The paragraph retains the previous requirements for the personnel filling unit staff positions meet or exceed the minimum qualifications of ANSI [American National Standard Institute] N18.1, 1971, and the Radiation Protection Manager meet or exceed the qualifications of Regulatory Guide 1.8, September 1975.

1. Does the proposed change involve a significant increase in the probability or consequences of an accident previously evaluated?

No. The Shift Technical Advisor position was established to assist the control room operating personnel to diagnose the cause and advise on the response to operating transients and accidents. The absence of a staff member with those qualifications does not change the probability or consequences of a fuel handling accident.

2. Does the proposed change create the possibility of a new or different kind of accident from any accident previously evaluated?

No. This change does not introduce any changes to the function of any plant structures, systems, or components therefore it cannot create a new or different kind of accident.

3. Does the proposed change involve a significant reduction in a margin of safety?

No. This change does not directly involve any physical equipment limits or parameters and therefore cannot affect any margin of safety.

M. ITS Section 5.3.2:

This new paragraph is added to identify that responsibility for the training and retraining of Certified Fuel Handlers is assigned to the Plant Manager.

1. Does the proposed change involve a significant increase in the probability or consequences of an accident previously evaluated?

No. This section recognizes the importance of establishing and maintaining Certified Fuel Handler qualifications and assigns a manager responsibility for this program. Training and retraining Certified Fuel Handlers specifically trained to safely handle nuclear fuel will not increase the probability or consequences of a fuel handling accident.

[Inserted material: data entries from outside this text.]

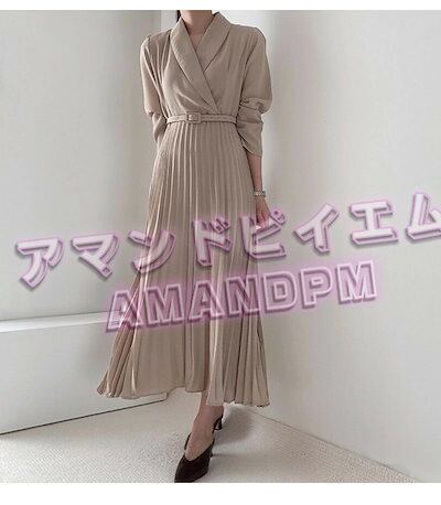 ワンピース プリーツ スーツ ドレス プリーツワンピース ワンピーススーツ レディース 春 秋 長袖 ロングワンピース マキシワンピース 裏地付き カシュクール きれいめ 上品 フォーマル 通 | DOKO-ME
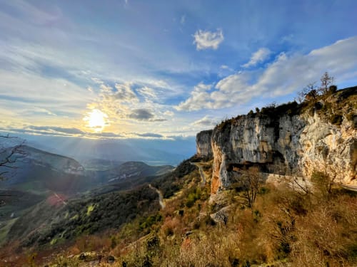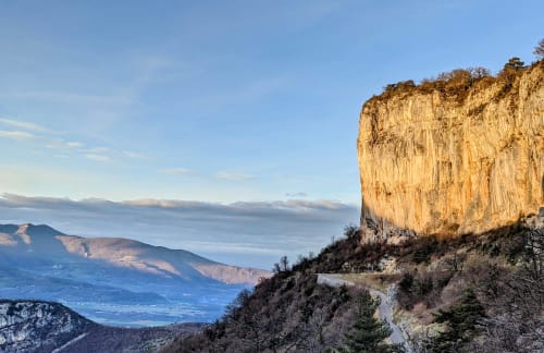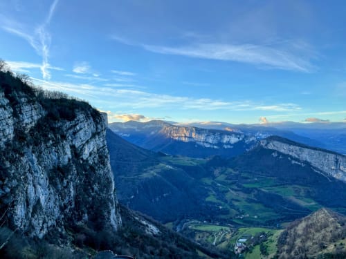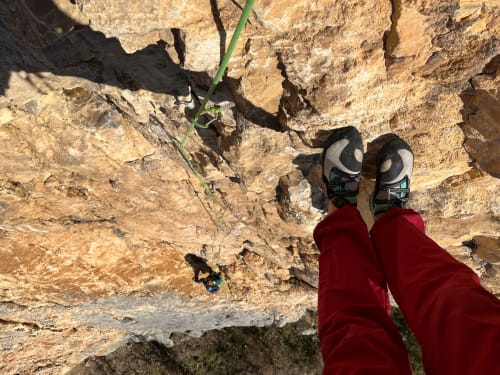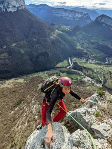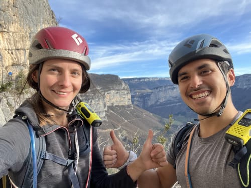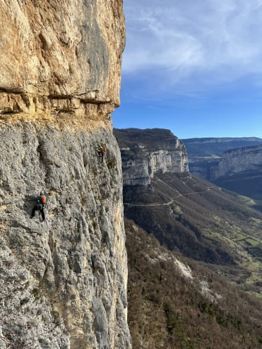 C'est officiellement l'été en ce mois de janvier 2023, notre conscience écologique en prend un coup mais en attendant faut bien s'occuper les weekends. Du coup go Presles ! Nico qui se la coulait douce à Paris depuis 2 jours n'a rien vu venir mais en fait la grippe a bien réussi à Ambre. Elle sélectionne la voie la plus dure qu'on ait jamais faite : la mémoire des absents à Presles. 230m de voie, 8 longueurs soutenues : 6b/6b/6a/6c(A0)/6b/6a+/6a/6b On a un peu peur du vent (45km/h en rafale) mais au final on ne se fera bien secouer que sur la dernière longueur. Le jour se lève au Paradis Des la première longueur en 6b la couleur est donnée : Nico est pas en forme, c'est dur de se trimballer après toutes ces fêtes 🥵 Heureusement, Ambre passe en mode machine, pas une goutte de sueur, pas un moment de stress 💪😎 Du coup c'est parti c'est Ambre qui va tout ouvrir ! Contente d’en avoir finie avec la 6c 😸 Nico qui se fait hisser à la microtrax On partage cette belle paroi avec deux autres cordées sur des voies parallèles, avec qui on fera toute la journée de grimpe sur le même rythme - départ 9h30, tout le monde sort en haut à 15h30 ! C’est assez pratique pour se donner des informations (« seeeeec ! »). En bas des chasseurs quadrillent le périmètre, on a peur qu’ils nous prennent pour du gibier volant 🐗 Les cordées voisines qui essaient d’échapper aux tirs de chasseurs Pas mécontent d'arriver en haut ! Au final une voie magnifique, bien prisue et bien physique, bien équipée dans les parties « dures » et plutôt aérée dans le 6a/+ - mieux vaut être à l’aise dans ce niveau pour se faire plaisir. Bête de journée et bête de performance pour Ambre. Avis aux challengers, va falloir bosser sec pour tenir la cadence de 2023 !! Joli coucher de soleil pour finir
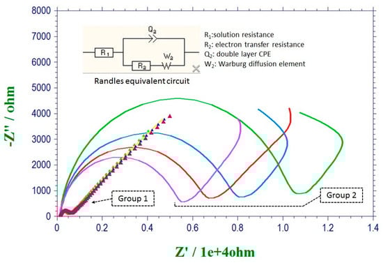 In order to validate the enhancement of the sensor response, reproducibility, and electron charge transfer due to the cleaning procedure, electrochemical impedance spectroscopy (EIS) was employed for two groups of sensors consisting of four sensors each. Sensors in Group 1 were subjected to the cleaning protocol described above, whereas sensors in Group 2 were cleaned by ethanol and deionized water (DIW) sequentially. A solution of K3Fe(CN)6 and K4Fe(CN)6, 5 mM of each component, was prepared in 0.1 M PBS and used for EIS tests. Twenty microliters of redox couple solution was casted on the sensing area of each sensor for EIS. Figure 3 presents the EIS results obtained for the two groups of sensors in the form of a Nyquist plot using a frequency range of 10−2 to 104 Hz with 5 mV voltage amplitude. An equivalent electrical circuit model was fitted to EIS data using EC-lab software. Randles equivalent circuit was selected to model the experimental data. In a typical EIS measurement, the initial potential was set at 0.0 V. The high frequency was set at 10,000 Hz and the low frequency was set at 0.01 Hz. The amplitude was set at 0.005 V and the quiet time was set at 2 s.
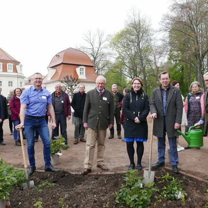 Am Mittwoch, den 4. September 2024, überzeugten sich Wernigerodes Oberbürgermeister Tobias Kascha, der ehrenamtliche Geschäftsführer der Stadtwerkestiftung Steffen Meinecke sowie der Vorsitzende des Gartenträume-Vereins Dr. Hermann Onko Aeikens vom erfolgreichen Anwachsen von 20 Sommerlinden und 10 Obstbäumen in den Schlossgärten Wernigerode.
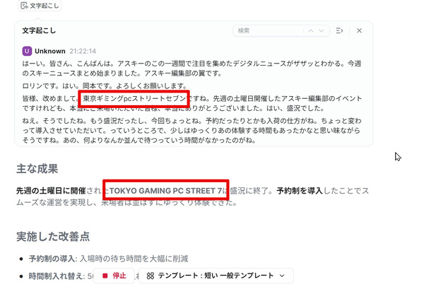 その反対に、自分(ユーザー)のメモがAI Companionの理解を“補強”する側面もあります。音声からのAI文字起こしでは、どうしても聞き間違いや固有名詞の誤字が発生します。しかし、My Notesに正しい言葉を入力しておけば、そうした誤りが補正されるのです。たとえば、会議の参加者名、議論に登場した企業名や製品名をメモしておくだけでも間違いが減り、あとから議事録を修正する必要が少なくなります。
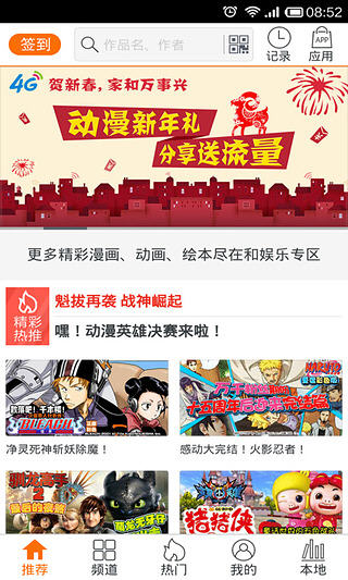 2015新番连载,和动漫带你看不停,《东京喰种第二季》《寄生兽》《名侦探柯南剧场版》《喜羊羊与灰太狼》等等,不管是中国的,还是日本、欧美的,和动漫都能满足你!更有年终免费送红包啦,1.8万个流量红包,包你春节玩得愉快! 和动漫3.6.141230版本更新内容 1.新春精选伴过年,土豪送红包,春节不怕没流量; 2.抽奖及相关按钮优化,加入更多虚拟、实物礼品内容; 3.修复部份机型内存溢出导致闪退问题; 4.修复部份作品内容下载不成功问题; 5.修复部分机型点播出现闪退问题; 6.修复其他已知BUG!

2. Does the proposed change create the possibility of a new or different kind of accident from any accident previously evaluated?

No. This change does not introduce any changes to the function of any plant structures, systems, or components therefore it cannot create a new or different kind of accident.

3. Does the proposed change involve a significant reduction in a margin of safety?

No. This change does not directly involve any physical limits or parameters and therefore cannot affect any margin of safety.

N. ITS Section 5.6.1.1.a:

This section states the requirement for procedures to be established, implemented and maintained covering various plant activities.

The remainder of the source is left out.